Authenticity Practice #5: Performing bias-ectomy
AuthenticityThere are over 100 examples of bias that make our perceptions inaccurate and decision-making irrational. So, what can we do about such a daunting problem? There is no surgery to remove bias, so this is a mental and emotional accomplishment, not a physical one.
There is a useful, although for most of us, unattractive remedy—Surround yourself with people who think and act very differently than you and give them a voice.
Many kinds of bias are rooted in confirmation: I value people who fit an attractive stereotype or who seem like me; I value alternatives that confirm my beliefs and match my preferences; I spend more time reading articles with which I agree than those with which I disagree. When I am surrounded by perspectives unlike my own, confirmation bias has less chance to dominate. Also, a diverse community is more likely to feature diverse forms of bias so we are unlikely to all be irrational about the same things at the same time. Conversely, the way you make a group stupid is to get all to conform to a single way of thinking.
Here are a few bias-ectomy tips:
- Hire for similarity of purpose and dissimilarity of contribution. It is smart to attract people who are naturally drawn to the contribution your organization is trying to make.

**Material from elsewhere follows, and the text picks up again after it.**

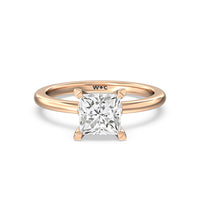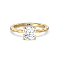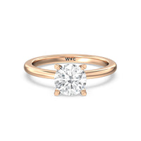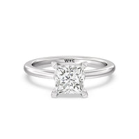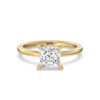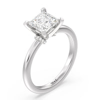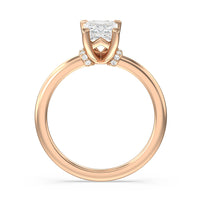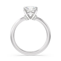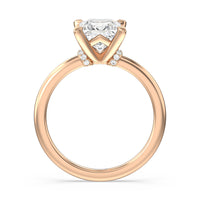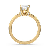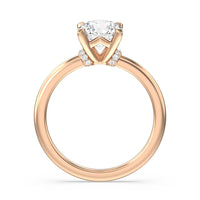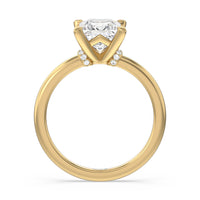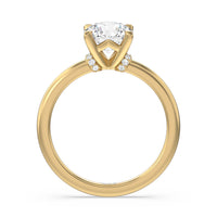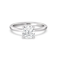 This modern slim line band is finished off with a diamond collar detail to highlight the center stone along with our signature claw setting.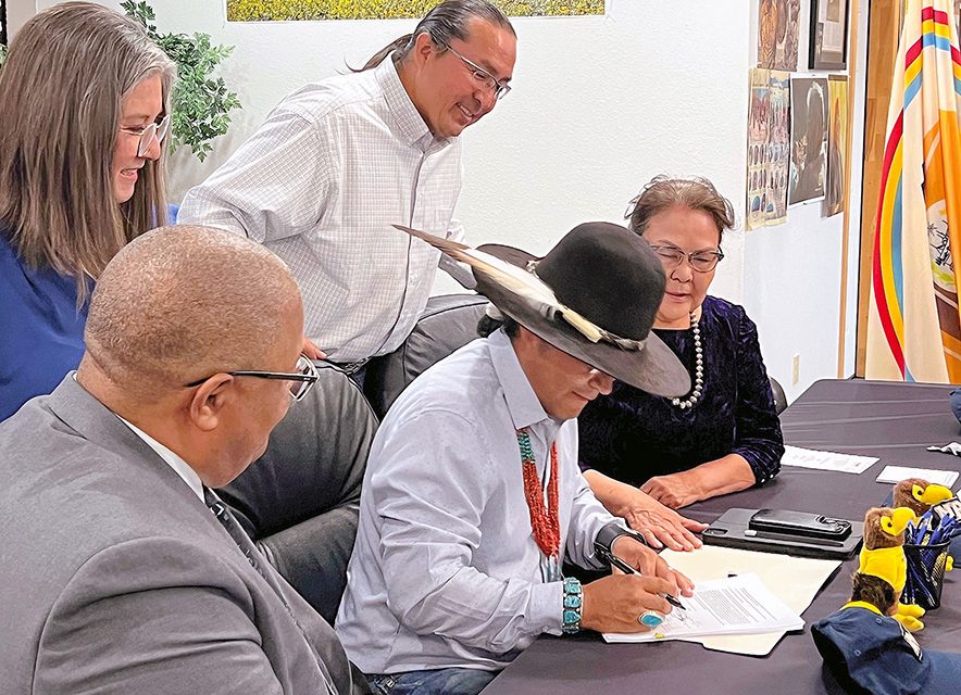 President Buu Nygren signs the Northland Pioneer College lease agreement during a June 30 ceremony at the Kayenta Township Town Hall. Looking on are Township Commission Chair Delores Greyeyes, Town Manager Jarvis Williams, NPC President Von Lawson, and others.

However, you want very different ways of thinking and solving regarding the challenges you face.
- Use big decisions as a field of play for shattering bias. Include different accountabilities, generations, genders, levels of authority, and educational background.
As you consider alternatives, solicit views from all the different players.

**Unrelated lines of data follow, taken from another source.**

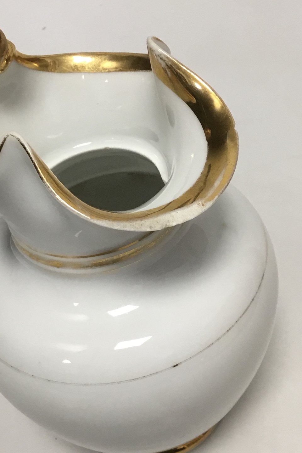 Bing & Grondahl Lion Chocolate Ewer, gold painted, without lid. Stamped B & G in under glaze blue. Several damages, please see pictures. H: 26 cm (10 15/64")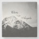 Schwarz-Weiß Hochzeit unter den Bergen. Landschaftsfoto eines schneebedeckten Berges mit Dunkelheit unten und weißer bewölkter Himmel oben. Die Namen des Ehepaares sind in schwarzem Schriftart über dem Berg am Himmel und alle Details sind in weißem Schriftart unter dem Berg. Vollständig anpassbare und personalisierbare Hochzeitsprodukte.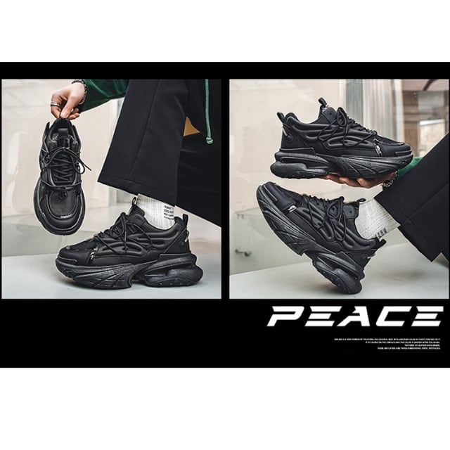 【予約販売】スニーカー 韓国 メンズ ダッドスニーカー ごつめ 厚底 靴 ブラック 黒 オフホワイト デザイン スポーティ お洒落 カジュアル ストリート 24.5cm/25cm/25.5cm/26cm/26.5cm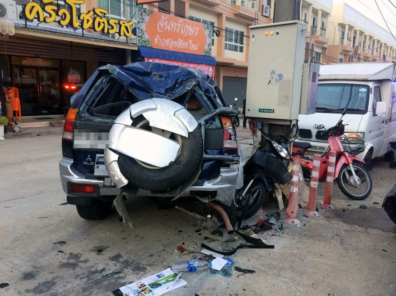 สาวยูเครนซิ่งเก๋งวีออสหลุดโค้ง พุ่งชนรถยนต์ 2 คัน-จยย.2 คัน เสียหาย ก่อนชนเสาไฟฟ้าข้างทาง ตะแคงข้าง บาดเจ็บสาหัสติดคาซากรถริมถนนพระภูเก็ตแก้ว ต.กะทู้ อ.กะทู้...

Regarding your vitality imperative, any time you want the differences in a group to make the group smarter, follow this flow:
- Name the subject for which you want input and the purpose that is at stake.
- Share any known and unarguable facts.
- Ask people to write down their individual point of view about what is weak or strong about different options and what each person considers the best path forward. It is crucial to have people think for themselves before you host a public discussion, so do not miss this step!
- Have people share their thinking; ask each to promise to say what they wrote and not change it due to what others say before he or she speaks.
- Explore and learn from the differences. Ask the accuracy questions (what, who, when, where) and the purpose question, “For you, what is important about this?”
- Discuss, debate, and decide. Make sure your purpose-driven criteria are front and center so people argue against the criteria rather than one another.